RAG (Retrieval-Augmented Generation) relies on embedding models to convert your documents and queries into vector representations. These embeddings enable semantic search, allowing the AI to find relevant content based on meaning rather than just keyword matching.

Why Embedding Models Matter

When you create a project with RAG:

Document Ingestion: Your files are split into chunks and converted into numerical vectors (embeddings) using an embedding model
Semantic Search: When you ask a question, your query is also converted into an embedding
Similarity Matching: The system finds the most semantically similar document chunks by comparing vector embeddings
Context Injection: Relevant chunks are injected into the AI’s context window to generate accurate, grounded responses

The quality and compatibility of the embedding model directly impact RAG’s ability to retrieve relevant information from your project files.

Default Embedding Models by Provider

Askimo uses different default embedding models depending on your AI provider. These are just defaults—you can customize them in Settings if you prefer different models.

Provider	Default Embedding Model
OpenAI	`text-embedding-3-small`
Google Gemini	`text-embedding-004`
Ollama	`nomic-embed-text:latest`
LM Studio	`nomic-embed-text:latest`
LocalAI	`nomic-embed-text:latest`
Docker AI	`ai/qwen3-embedding:0.6B-F16`

Setting Up Local Embedding Models

For local AI providers (Ollama, LM Studio, LocalAI, Docker AI), you must manually pull the embedding model before using RAG:

For Ollama:

ollama pull nomic-embed-text:latest

For LM Studio:

Open LM Studio
Search for “nomic-embed-text”
Download the model

For LocalAI:

# Pull the model using LocalAI's CLI or API
curl http://localhost:8080/models/apply -H "Content-Type: application/json" -d '{
  "id": "nomic-embed-text:latest"
}'

For Docker AI:

# Pull the Qwen embedding model
docker exec -it <container-name> pull ai/qwen3-embedding:0.6B-F16

Customizing Embedding Models

You can change the default embedding model for any provider:

Open Settings
- Go to Settings (⌘/Ctrl + ,)
Navigate to RAG Configuration
- Select Advanced tab
- Find RAG Configuration
- Find Embedding Models by Provider
Configure Provider Models
- Enter the model name for each provider
- For cloud providers (OpenAI, Gemini): Use the official model identifier
- For local providers: Ensure the model is already pulled/downloaded

Askimo RAG configuration settings showing customizable embedding models for different AI providers

Example Custom Configuration:

Provider	Custom Model
OpenAI	`text-embedding-3-large` (higher quality, larger)
Gemini	`text-embedding-004` (default)
Ollama	`mxbai-embed-large:latest` (alternative local model)
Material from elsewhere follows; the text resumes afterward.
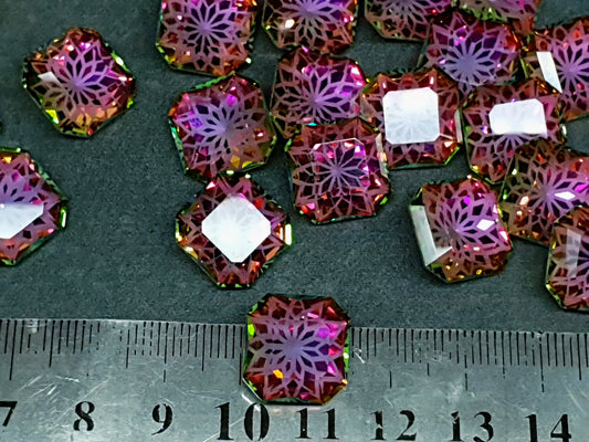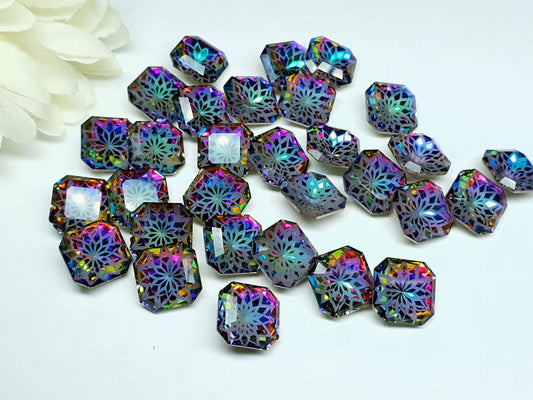 Glass crystal - square - 14 mm - Aurora

Verifying Your Embedding Model

Askimo automatically validates your embedding model when you:

Create a new RAG project, or
Re-index an existing project (right-click project > “Re-index Project”)

During the indexing process, Askimo will check if the configured embedding model is available and valid. If the embedding model is invalid or unavailable, you’ll receive a clear error notification indicating the issue.

Common validation errors:

Local providers (Ollama, LM Studio, LocalAI, Docker AI): Model not downloaded/pulled
Cloud providers (OpenAI, Gemini): Invalid API key or model name
Anthropic/X.AI users: No embedding model configured (these providers don’t offer embedding APIs)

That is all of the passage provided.